Why change so much when you were, ahem, 10 yards from the Super Bowl? Because the Falcons were smart enough to realize that being 10 yards from a Super Bowl in a given season didn’t a guarantee continued success. As Danny Tuccitto of Football Outsiders noted last season, the 2012 Falcons were, in terms of snap counts, the NFL’s oldest team. In the five aforementioned cuts and the retired Todd McClure, the Falcons shed six men who would have been 30 or older as of Opening Day 2013.

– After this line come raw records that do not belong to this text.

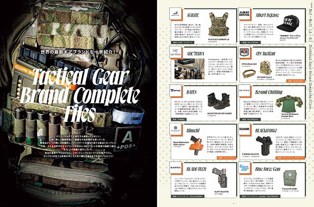 続いて装備の特集は、TACTICAL GEAR BRAND FILE です。タクティカルギアブランドをAtoZ方式で100ブランドをピックアップ。最新のギアと定番アイテムを解説します。こうしてみるといっぱいありますね。
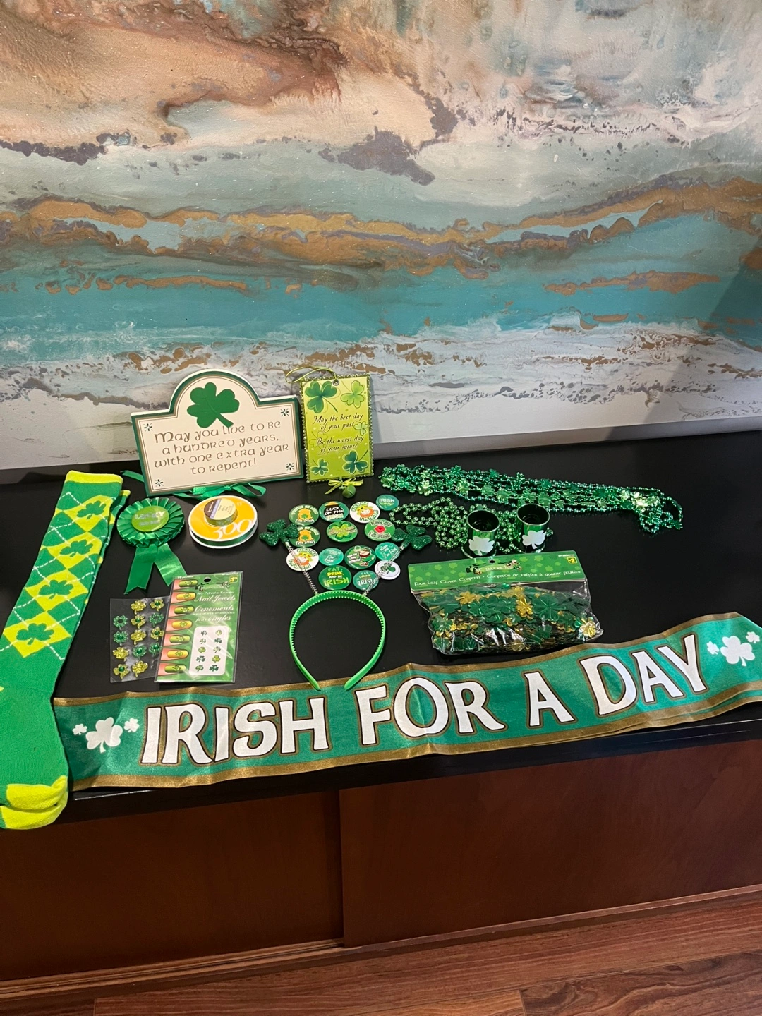 Large St. Patrick's Day party favour bundle. Includes a sash, socks, headbands, beads, buttons, and more. Perfect for a festive celebration. Pick up in Utopia
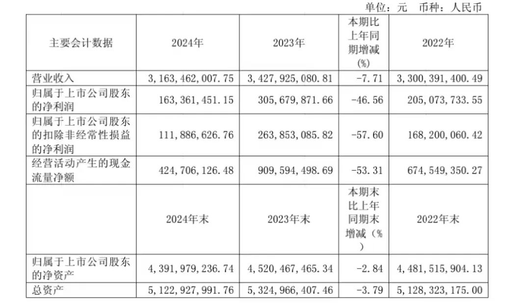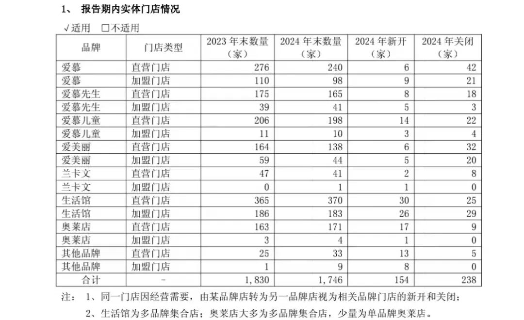 财报数据显示,2024年度,爱慕股份实现营收31.63亿元,较上年同期下降7.71%;归属上市公司股东净利润1.63亿元,同比下滑46.56%。
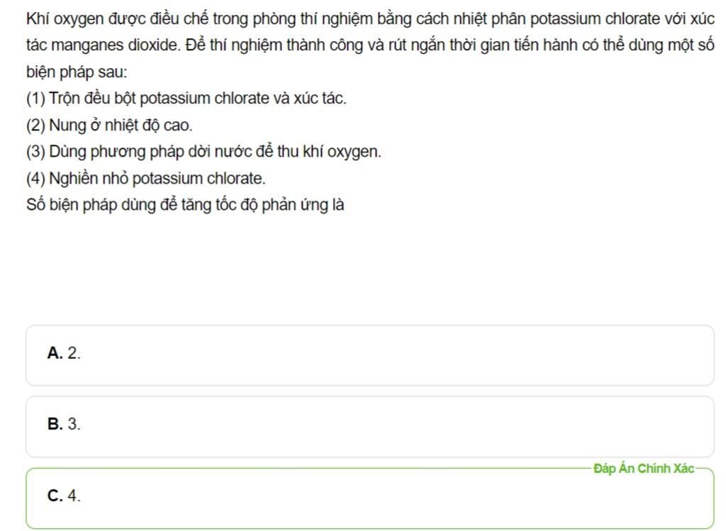 tác manganes dioxide. Để thí nghiệm thành công và rút ngắn thời gian tiến hành có thể dùng một số
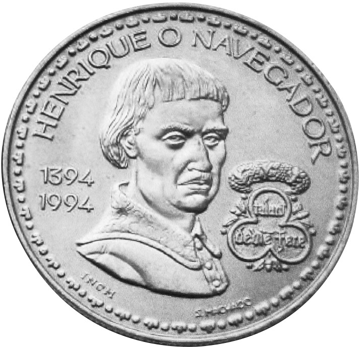 图144 1994年,葡萄牙发行的航海家亨利王子诞辰600周年纪念币。
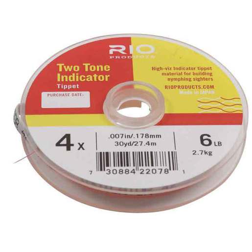 RIO 2-Tone Indicator Tippet – This opaque RIO 2-Tone Indicator Tippet has 8” sections of fluorescent pink and fluorescent chartreuse color changing tippet with highly defined hard color changes. These color breaks create maximum contrast to allow anglers to get visual cues when tight line nymphing. There are 30 yards on each spool. Colors create a visual cue when tight line nymphingOpaque 2-tone sections of fluorescent pink and chartreuseMPN: 6-220
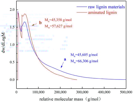 Based on GPC analysis, the molecular weight distributions of raw lignin materials and aminated lignin products are shown in Figure 2.

Why did the Falcons take Trufant in Round 1? Because they needed a starting cornerback, duh. Why did they then grab Robert Alford in Round 2? Because incumbent Asante Samuel is 32 and won’t be starting much longer. Why did the Falcons trade five picks for Julio Jones in 2011 when they already had Roddy White? Because White was about to turn 30, and there would be a need for a new No. 1 receiver soon enough.

If you’ll recall, the Jones move was interpreted as the Falcons’ attempt to land the one man who would be the difference between losing their first playoff game and reaching a Super Bowl. It didn’t pan out that way, at least not immediately. The 2011 Falcons went 10-6 and were beaten 24-2 in the wild-card round. But today Jones is one of the NFL’s three best receivers and might well be the finest player on this roster, Matt Ryan included.

The point being: Just because the Falcons didn’t win it all seven months after drafting Jones didn’t invalidate the trade. They weren’t in Super-Bowl-or-bust place then, just as they’re not there now. They took a small step backward in 2011, then another forward in 2012. No one should be surprised if that pattern holds in 2013.

With this wicked schedule and so many moving parts, the season ahead wouldn’t seem the ideal place to stage a last stand. Good thing the Falcons aren’t treating it that way. If everything clicks and they wind up in the Meadowlands in February, they’ll be delighted. If not, they’ll try again in 2014. They’re in it to win it, yes, but they’re also in it for the long haul.